Given that academic free speech fracases are now a cable news staple, Card soon found himself on Fox News with Laura Ingraham, during a semi-regular segment called “Defending the First.”
“This is really about ideas, not specific institutions or individuals, but the ideas of free speech and reason versus some dangerous, irrational myths that have swept the campuses around the country,” he said. “I don’t know whether I was really fired or I quit. You might say that the university and I reached a mutual agreement that the values and the beliefs of the university are no longer the values --”
Ingraham interrupted Card repeatedly, eventually saying, “Don’t be obtuse.
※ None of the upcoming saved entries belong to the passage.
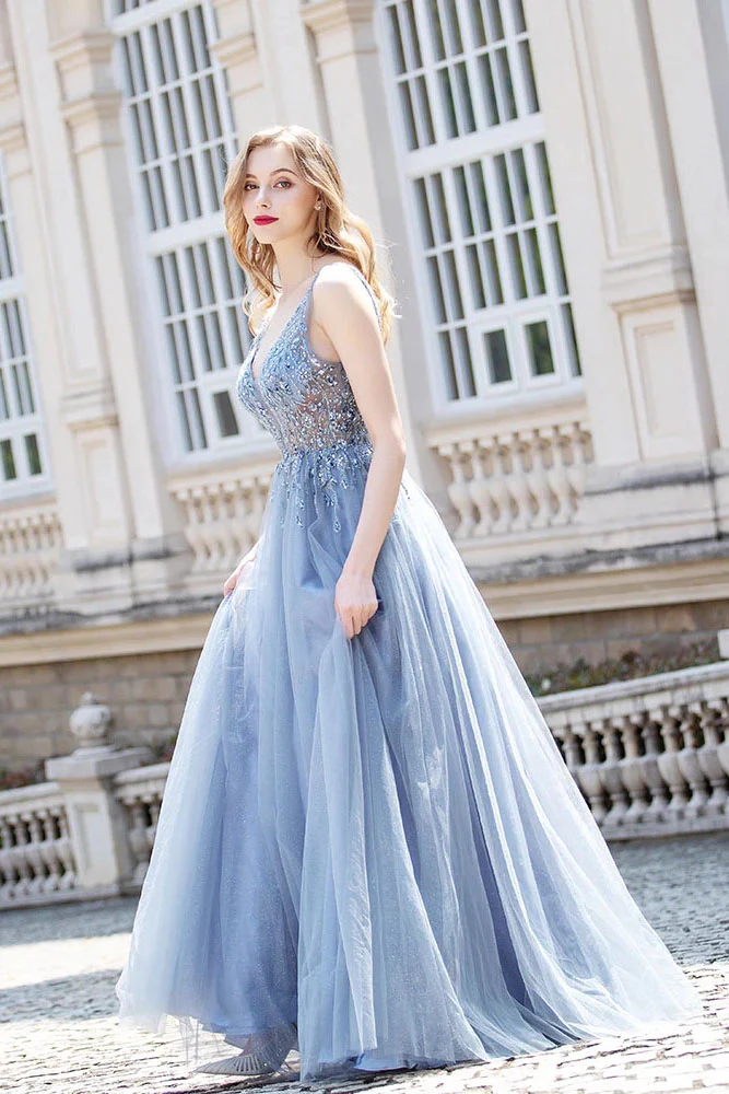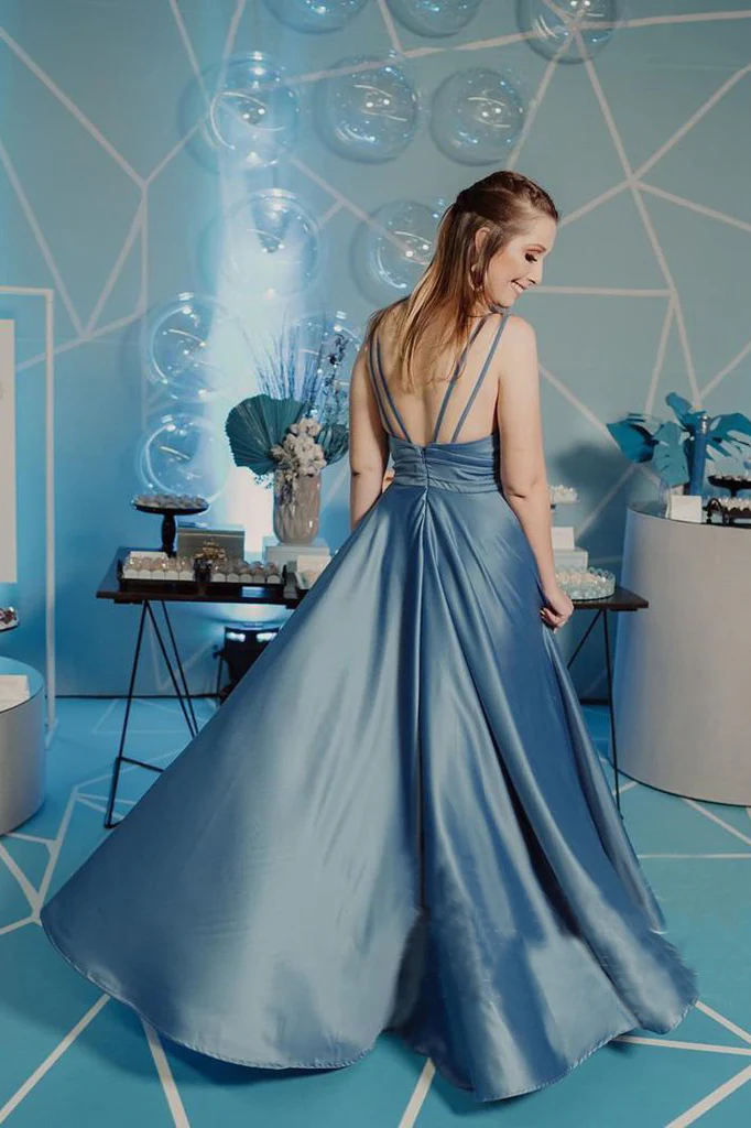 Sky Blue Cross Back Prom Dress Long Elegant V-neck Evening Dress OKW32
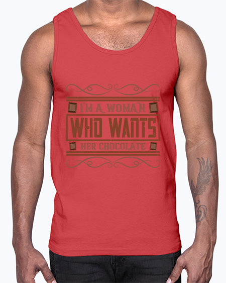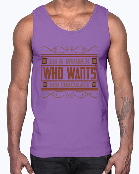 im a woman who wants her chocolate 273#- chocolate- Cotton Tank
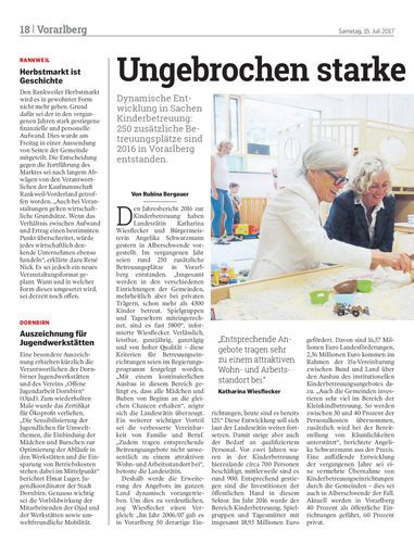 Dynamische Entwicklung in Sachen Kinderbetreuung: 250 zusätzliche Betreuungsplätze sind 2016 in Vorarlberg entstanden.
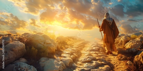Moses guides Jews through desert to promised land in biblical exodus. Concept Religious, Bible Stories, Exodus, Moses, Promised Land

You were fired because you wrote that email saying, ‘I’m concerned because we’re coddling students. Coddling and trying to protect them from all these offensive ideas is not going to help anyone, it’s not going to advance the cause of learning.’ And that’s the thing that they ultimately said, ‘Yeah you’re right, we don’t want someone like you at our university.’”
Card shared with Inside Higher Ed what he said was the full text of the College of Engineering and Computer Science's response to him. It says, in part, "Yes, I do consider your position to disqualify you from further service teaching our students. Your views do not align with the values of the college," and, "Kindly stop referring to yourself as an adjunct associate professor."
The Foundation for Individual Rights in Education last week called on Syracuse to drop its investigations against the students involved in the skit on the grounds that they were exercising their right to free speech. FIRE’s letter also criticized Syracuse’s actions toward Card.
Robert Shibley, executive director of FIRE, said Monday that the organization stands by its analysis of the case, even if Card wasn’t an active member of the faculty.
“If this is what caused Syracuse to pull the plug on the relationship,” Shibley said, “we have a problem with that.”
Card said that he's currently filling in for a professor at the State University of New York College of Environmental Science and Forestry, which shares a campus with Syracuse, but that his students have thus far been supportive of his position.
"Without respecting free speech, there is no clash of ideas and no real education," he said.